Senator Elizabeth Warren rolled out a comprehensive strategy for protecting the right to an abortion on Friday. In a Medium post, Warren condemned the Trump administration for working “to gag doctors, spread misinformation, and support so-called ‘crisis pregnancy centers’ that go out of their way to present misleading and incomplete reproductive health care information to women.”
Warren’s announcement comes days after Republican legislators in Alabama passed a total ban on abortion with no exceptions for rape or incest. Though the law is currently invalid, and women in Alabama can still access abortion, the ban is designed to go to the U.S. Supreme Court, where justices could overturn or at least severely hamstring Roe v. Wade. There are no anti-choice Democrats running for president, and candidates were swift to criticize the Alabama bill and other new abortion restrictions in Georgia, Ohio, and elsewhere. Senator Kirsten Gillibrand released her own proposal on Thursday after meeting with lawmakers and activists in Georgia, and Senator Bernie Sanders also used his email list to raise money for three abortion funds, including the Yellowhammer Fund in Alabama.
But Warren’s proposal is notable for its exclusive focus on the expansion of abortion rights. In it, the senator urges Congress to create “federal, statutory rights” to abortion that block states from “interfering” with either a doctor’s provision of abortion care or a patient’s ability to access that care. Warren further urged passage of the Women’s Health Protection Act, which has already been introduced in Congress. The act would overturn state-level obstacles to abortion, like Alabama’s law forcing women to undergo medically unnecessary ultrasounds before they can receive abortions. She called for the repeal of the global gag rule, which blocks non-governmental organizations that receive U.S. funding from providing or even referring women to abortion care, and the repeal of the Hyde Amendment, which prohibits publicly-funded health care coverage like Medicaid from covering abortion. She closed by endorsing the EACH Woman Act, which would prohibit private insurance companies from refusing to cover abortion services. The overarching goal is to protect the right to abortion from erosion at both the legislative and judicial levels.

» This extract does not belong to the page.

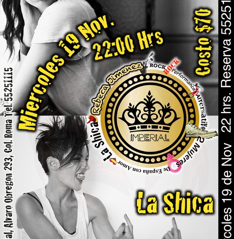 España es un país del cual tenemos una gran tradición de cantautoras que más allá de su belleza o talento, se caracterizan por mantener un discurso inquisitivo, por lo que este Miércoles 19 de Noviembre, la fiesta en El Imperial se engalanará con la presencia de Rebeca Jimenez y La Shica.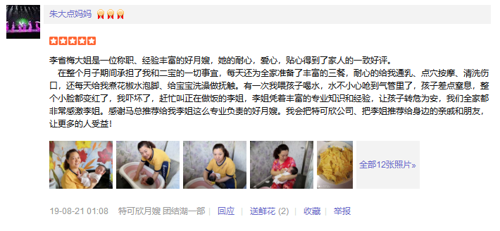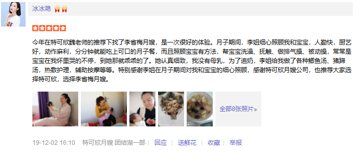 2012年从业特可欣,热爱本职工作,有爱心、耐心责任心,性格稳重,工作踏实,擅长母婴护理。婴儿护理技能:洗澡,抚触,被动操,排气操,婴儿早教,常见病的观察及预防等; 产妇护理技能:乳房的基础护理,月子餐的科学配置,褥汗的观察,恶露的观察,子宫复旧等

Republicans from President Trump to state lawmakers have already escalated their usual anti-abortion rhetoric; Trump, for example, has now repeatedly and falsely claimed that abortion providers kill babies after birth. The president, then, might use Warren’s abortion policies as grounds for a fresh round of attacks on her candidacy. But that might only help Warren. Most Americans still overwhelmingly oppose abortion bans, and Warren’s proposals may resonate with older Democrats in particular. The senator, who had her first child two years before Roe v. Wade guaranteed the constitutional right to an abortion, deliberately evokes the bad old days in her post. “When I was growing up, long before Roe, people still got abortions. Some were lucky. Others weren’t. They all went through hell,” she wrote.
The original version of this post stated that Warren was the first candidate to release an abortion proposal. This post has been corrected.